The ML part of data science deals with building a model. In the Netflix scenario, the data model recommends, based on your viewing history, which movies you are likely to enjoy next. The data engineering part of the discipline deals with building a system that continuously gathers and cleans up the viewing history, then runs the model at scale on the data of all users and distributes the results to the recommendation user interface. All of this provided in an automated fashion with monitoring and alerting build around each step of the process.

Data engineering deals with building and operating big data platforms to support all data science scenarios. There are various other terms used for some of these aspects: DataOps refers to moving data in a data system, MLOps refers to running ML at scale as in our Netflix example. (ML combined with DevOps is also known as MLOps.) Our definition of data engineering encompasses all of these and looks at how we can implement DevOps for data science.

1.2 Who this book is for

This is a book for data scientists, software engineers, and software architects turned data engineers and tasked with building a data platform to support analytics and/or ML at scale. You should know what the cloud is, have some experience working with data and code, and not mind using a shell. We’ll touch on the basics of all of these, but the focus for this book will be on data platform building.

Data engineering is surprisingly similar to software engineering and frustratingly different. While we can leverage a lot of the lessons from the software engineering world, as we will see in this book, there is a unique set of challenges we will have to address. Some of the common themes are making sure everything is tracked in source control, automatic deployments, monitoring, and alerting. A key difference between data and code is that code is static: once the bugs are worked out, a piece of code is expected to work consistently and reliably. On the other hand, data moves continuously into and out of a data platform, and it is likely failures will occur due to various external reasons. Governance is another major topic that is specific to data: access control, cataloguing, privacy, and regulatory concerns are a big part of a data platform.

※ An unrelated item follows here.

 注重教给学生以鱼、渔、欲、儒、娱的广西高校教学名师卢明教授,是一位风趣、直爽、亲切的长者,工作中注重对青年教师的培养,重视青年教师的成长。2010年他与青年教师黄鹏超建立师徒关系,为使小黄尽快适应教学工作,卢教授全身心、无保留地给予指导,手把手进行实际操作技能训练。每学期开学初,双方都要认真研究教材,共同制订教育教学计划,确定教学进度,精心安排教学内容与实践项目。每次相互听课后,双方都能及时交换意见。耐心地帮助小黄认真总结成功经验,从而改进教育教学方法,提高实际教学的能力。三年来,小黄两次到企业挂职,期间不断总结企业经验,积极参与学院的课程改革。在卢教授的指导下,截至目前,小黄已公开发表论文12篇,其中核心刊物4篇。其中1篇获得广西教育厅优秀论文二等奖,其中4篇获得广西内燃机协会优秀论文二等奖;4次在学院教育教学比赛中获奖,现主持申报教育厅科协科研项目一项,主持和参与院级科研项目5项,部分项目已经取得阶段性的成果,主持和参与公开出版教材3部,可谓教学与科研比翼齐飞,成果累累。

The main theme of the book is bringing some of the lessons learned from software engineering over the past few decades to the data space so you can build a data platform exhibiting the properties of a solid software solution: scale, reliability, security, and so on. This book tackles some of these challenges, goes over patterns and best practices, and provides examples of how these could be applied in the Azure cloud. For the examples, we will use the Azure CLI (CLI stands for command-line interface), KQL (the Kusto Query Language), and a little bit of Python. The focus won’t be on the services themselves though. Instead, we will focus on data engineering challenges (and solutions) in a production environment.

1.3 What is a data platform?

Just as many data science projects start as an exploration of a data space and what insights can be derived from the data, many data science teams start in a similar exploratory fashion. A small team comes up with some good insights at first, and then as the team grows, so do the needs of the underlying platform supporting the team.

What first used to be an ad hoc process now requires automation. Once there were just two data scientists on the team, so who got to see which data was not as much of a concern as it is now, when there are 100 data scientists, some interns, and some external vendors. What used to be a monthly email is now a live system integrated with the company’s website. Different scenarios that used to be achieved through different means must now be supported by a robust data platform.

definition A data platform is a software solution for collecting, processing, managing, and sharing data for strategic business purposes.

Let’s look at an analogy to software engineering. You can write code on your laptop (for example, a web service like GIPHY) that, when given some keywords, returns a set of topical animations. Even if the code does exactly what it is meant to, that doesn’t mean it can scale to a production environment. If you want to host the same service at web scale and expect that anyone around the world can access it at any time, there is an additional set of concerns to consider: performance, scaling to millions of users, low latency, a failover solution in case things go wrong, a way to deploy an update without downtime, and so on. We can call the first part, writing code on your laptop, software development or coding. The second part, operatin...